Le 28 janvier, l’Organisation mondiale de la santé (OMS) a exprimé sa « profonde inquiétude » face à la décision de l’administration Trump de suspendre le financement des programmes de lutte contre le sida dans les pays en développement. Cette décision, qui met en péril l’avenir de millions de patients sous traitement, suscite une levée de boucliers parmi les organisations internationales et les acteurs de terrain. Pour mieux comprendre les conséquences de cette mesure, nous avons interrogé Florent Maréchal, Directeur des Programmes de Solidarité Sida.
Déployé dans plus de 50 pays, le Programme présidentiel d’aide d’urgence à la lutte contre le sida (PEPFAR) est une initiative américaine lancée sous la présidence de George W. Bush il y a plus de vingt ans. Ce dispositif a permis de fournir des traitements antirétroviraux à 20 millions de patients et a sauvé plus de 26 millions de vies. En réduisant la mortalité liée au VIH, en limitant les nouvelles infections et en soutenant des milliers d’associations locales, le PEPFAR est devenu un pilier incontournable de la lutte contre la propagation du virus.
Florent Maréchal, Directeur des Programmes de Solidarité Sida, analyse les conséquences dramatiques de cette décision : « Les impacts d’une telle suppression sont catastrophiques : arrêt de l’accès aux soins et aux traitements pour 20 millions de personnes, une baisse considérable des programmes de prévention et de dépistage. Pour certaines associations, le PEPFAR représente 50 à 80% de leur budget annuel. Elles risquent donc de disparaître du jour au lendemain. Ce sont 30 ans de progrès, de travail acharné des associations communautaires qui risquent d’être effacés en quelques jours. C’est dramatique. »
Par ailleurs, cette suspension pourrait entraîner une hausse des nouvelles infections. « Le PEPFAR finance des actions de prévention, notamment auprès des publics les plus vulnérables. Si la prise en charge s’arrête et que les associations disparaissent, les risques de rupture dans les soins et le traitement sont inévitables. Une personne qui ne prend plus son traitement, ou de manière irrégulière, a un risque accru de transmission », alerte Florent Maréchal.
La recherche sur le VIH risque également d’en souffrir. Si les financements baissent, les avancées scientifiques sur les traitements seront compromises. « Aujourd’hui, nous ne travaillons pas seulement sur un remède curatif, mais aussi sur des thérapies allégées permettant aux patients de prendre leur traitement de manière plus espacée. Mais si des millions de personnes voient leur prise en charge interrompue, la priorité ne sera plus à la recherche mais à la survie », prévient le Directeur des Programmes de Solidarité Sida.
Face au retrait des États-Unis, l’Europe pourrait-elle combler le vide financier laissé par Washington ? « Je ne vois pas comment l’Europe pourrait remplacer ces financements du jour au lendemain. Prenons l’exemple de la France : le budget 2025 prévoit une coupe de près de 50% de l’Aide Publique au Développement, ce qui inclut l’aide à la santé mondiale.

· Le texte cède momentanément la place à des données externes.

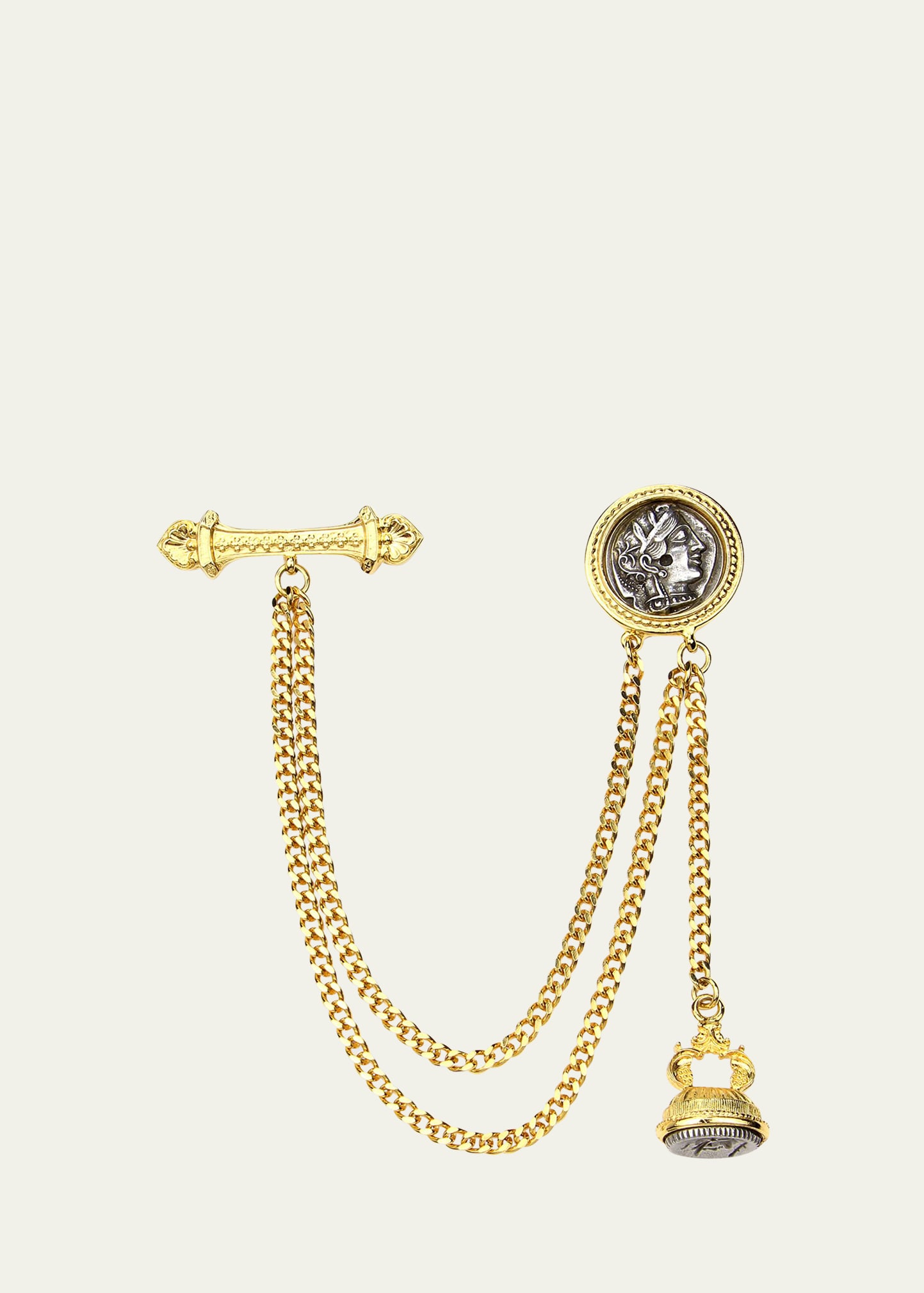 • Ben-Amun double-chain coin brooch.

Nous sommes plus face à un renoncement qu’à une volonté de solidarité internationale », regrette Florent Maréchal.
La suspension du PEPFAR pourrait aussi influencer les politiques d’autres pays. « Si le premier contributeur mondial de la lutte contre le VIH/sida arrête ses financements, c’est un signal négatif pour toute la communauté internationale », met-il en garde. En cette période de repli sur soi, le risque est grand de voir d’autres gouvernements suivre l’exemple américain.
En 2015, la communauté internationale s’était fixé un objectif ambitieux : mettre fin au sida en tant que menace pour la santé publique d’ici 2030. Cet espoir semble aujourd’hui s’éloigner. « Avant même l’annonce américaine, cet objectif était déjà difficilement atteignable. Maintenant, avec la suppression du PEPFAR et les coupes budgétaires en France et ailleurs, il devient presque impossible », conclut Florent Maréchal.
Alors que le VIH touche encore 39 millions de personnes dans le monde, la communauté internationale est face à un véritable défi. La décision des États-Unis pourrait bien marquer un retour en arrière dramatique, mettant en péril des décennies de progrès dans la lutte contre la propagation du virus.